The impact of fungal pathogens such as A. fumigatus on cystic fibrosis (CF) airways has until recently been underestimated. The use of more sensitive culture methods has begun to shed light on the prevalence of A. fumigatus in CF sputum, however its precise role in the progression of CF lung disease remains unclear. As the first point of contact for A. fumigatus following inhalation, the mucus barrier provides an important site for host-conidia interactions. Previous studies have suggested that A. fumigatus may alter the composition of the airway mucus barrier by altering mucin gene expression (1), and in the presence of mucin-based medium, A. fumigatus has been shown to upregulate protease expression and secretion (2). However, many aspects of this interplay are yet to be elucidated. Specifically, the effects of A. fumigatus on the major structural components of airway mucus, namely the polymeric gel-forming mucins (MUC5AC and MUC5B), have not been studied in detail. In order to investigate this further we studied the effects of A. fumigatus on the structural properties of purified solutions of MUC5AC and MUC5B, and on the physical properties of saliva: a model system of MUC5B-rich mucus.
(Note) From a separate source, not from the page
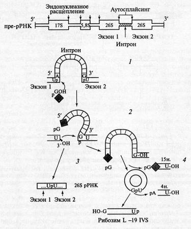 Аутосплайсинг индуцируется гуанозином, гидроксильная группа которого атакует фосфатную группу на 5'-конце интрона, в результате чего разрывается межнуклеотидная (фосфодиэфирная) связь и высвобождается З'-конец экзона 1. Затем гидроксильная группа, содержащаяся на З'-конце экзона 1, атакует фосфатную группу на З'-конце интрона, что ведет к вычленению интрона и замыканию фосфодиэфирной связи между ОН-группой З'-конца экзона 1 и 5'-фосфатной группой экзона 2. Таким образом в результате реакции трансэтерификации без дополнительных затрат энергии осуществляется лигирование двух экзонов с образованием зрелой 26S рРНК. Вырезанный интрон затем циклизуется. Из его состава путем двухэтапного ауторасщепления освобождается фрагмент, содержащий 19 нуклеотидов, в результате чего образуется РНК длиной 376 нуклеотидов (L-19 IVS), которая и представляет собой истинный РНК-фермент (рибозим), обладающий каталитическими свойствами. Этот рибозим обладает устойчивой структурой, имеет эндонуклеазную активность, расщепляя длинные одноцепочечные РНК.

The effects of A. fumigatus culture secretions on the size and glycosylation of purified mucins were studied. Micro-rheology studies were also performed to determine whether such changes may be reflected in the rheological properties of mucus. Furthermore, on-going experiments using air-liquid interface culture are studying the effects of A. fumigatus culture filtrates on mucin production and mucus gel properties in airway epithelial cells.
Our data suggest that A. fumigatus is able to degrade MUC5AC and MUC5B, by targeting both the protein and carbohydrate portions of the mucin molecules. Preliminary experiments suggest that proteolytic degradation of mucins is most likely mediated by serine protease activity. This degradation is reflected by an apparent loss in the viscosity of saliva following exposure to A. fumigatus secretions (3.35 MPa over 1 hour), suggesting that the structural organisation of the mucin network is being altered.
These effects may highlight important mechanisms of A. fumigatus pathogenesis, whereby it degrades mucins either as a nutrient source, or to physically diminish the mucus barrier in order to facilitate airway colonisation.